Oh, boy! What a mess.

It's bad enough when filmmakers create sordid grade-b junk. But this is arty, pretentious grade b junk. You see, the entire film plays out like grand opera. Only about four people live in the town, which is filled with swirling fog. Other scenes take place on the high seas, amid thunder and the howling winds, with people shouting their lines at the top of their lungs, lines like "Oh, God, why hast thou cursed me with a faithless woman?" 

Meanwhile, as the faux version of The Flying Dutchman plays out in the film, the real Wagnerian opera of the same name is playing in the background. I suppose they used 20-30 minutes of music from the opera. All I can say is that's some high-concept twisted shit for your basic House of Wax movie, except with ice instead of wax. 

What little value this movie might have had was spoiled by a very poor casting decision.

The basic dramatic tension in the movie is based on a single point - is the gifted mute artist a misunderstood, troubled, sensitive guy, or is he a psychotic capable of heinous acts.

Well, you haven't seen the movie, but I'll tell you the part is played by Eric Roberts, so what do you think?

See what I mean?

If the part was played by Edward Norton, OK, it could go either way, so we have some dramatic tension, but Eric Roberts? We knew the KO was coming right from the opening bell.

Now if the part had been played by Tom Selleck, someone we expect to be kind and gentle, that would have been cool!

In addition, Roberts must be the chattiest mute in the history of mutedom. He must be the only mute who talks more than Kathie Lee and Regis added together.
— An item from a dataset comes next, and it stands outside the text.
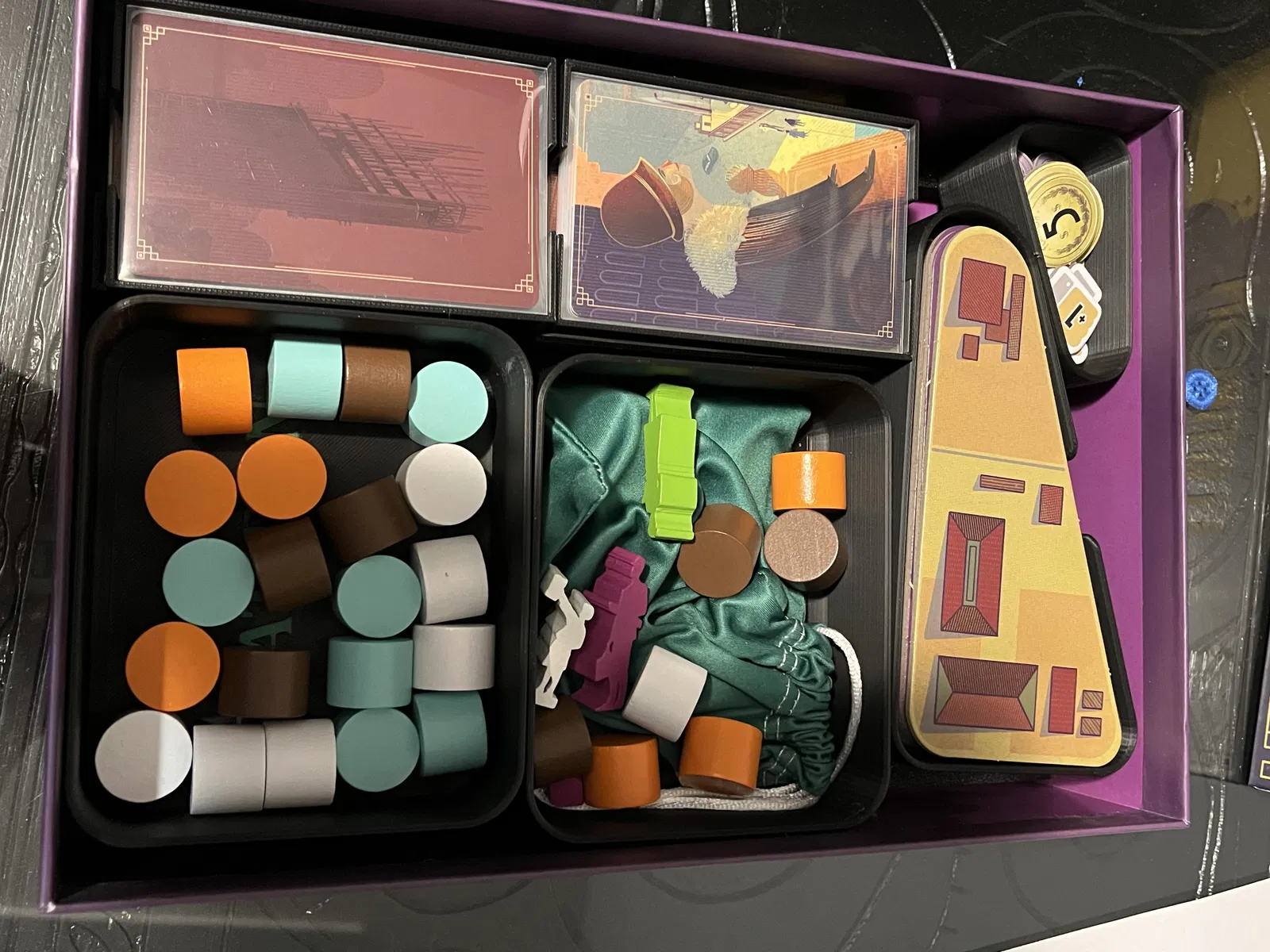 Mình dùng một cái túi để đựng các newspaper tokens, nhưng cũng có thể bỏ rời vào khay lớn luôn. Meeples và các cube thì mình để chung trong một khay khác. Mình cất hộp theo chiều dọc (store vertically) và không gặp vấn đề gì về việc đồ bị xê dịch trong hộp.

I think he must have watched that old Albert Brooks routine about the talking mime.


See the main commentary. Neither of us is sure about McCormick, and we have differing opinions.

DVD info from Amazon.

  • bare-bones

Tuna pointed out quite accurately that they virtually promised a sequel. Oh, the delicious anticipation. Be still, my beating heart. Oh, God, why wilt thou curse me with a feckless sequel? 

By the way, I think that might have been the stand-in in that torture scene, not Ellina McCormick. They cut every single shot at the neck, even though it was choppy and ugly and more trouble to do so. However, I have to say that the DVD includes only a 4:3 print, and it is probably a pan & scan, so there may be much more info off to the sides, precious info which would resolve this debate, something akin to resolving the ontological argument.

Tuna seems to have a fair question, though. If they didn't hire McCormick specifically to do the nude scene, then why did they hire her? 

The Critics Vote

  • no reviews online

The People Vote ...

  • With their votes ... IMDB summary: IMDb voters score it 3.1 
IMDb guideline: 7.5 usually indicates a level of excellence, about like three and a half stars from the critics. 6.0 usually indicates lukewarm watchability, about like two and a half stars from the critics. The fives are generally not worthwhile unless they are really your kind of material, about like two stars from the critics. Films under five are generally awful even if you like that kind of film, equivalent to about one and a half stars from the critics or less, depending on just how far below five the rating is.

My own guideline: A means the movie is so good it will appeal to you even if you hate the genre. B means the movie is not good enough to win you over if you hate the genre, but is good enough to do so if you have an open mind about this type of film. C means it will only appeal to genre addicts, and has no crossover appeal. D means you'll hate it even if you like the genre. E means that you'll hate it even if you love the genre. F means that the film is not only unappealing across-the-board, but technically inept as well.

Based on this description, Tuna grades this film is a D- (Scoop: agreed, although I might have said as high as C- with a better casting choice for the part of the painter.)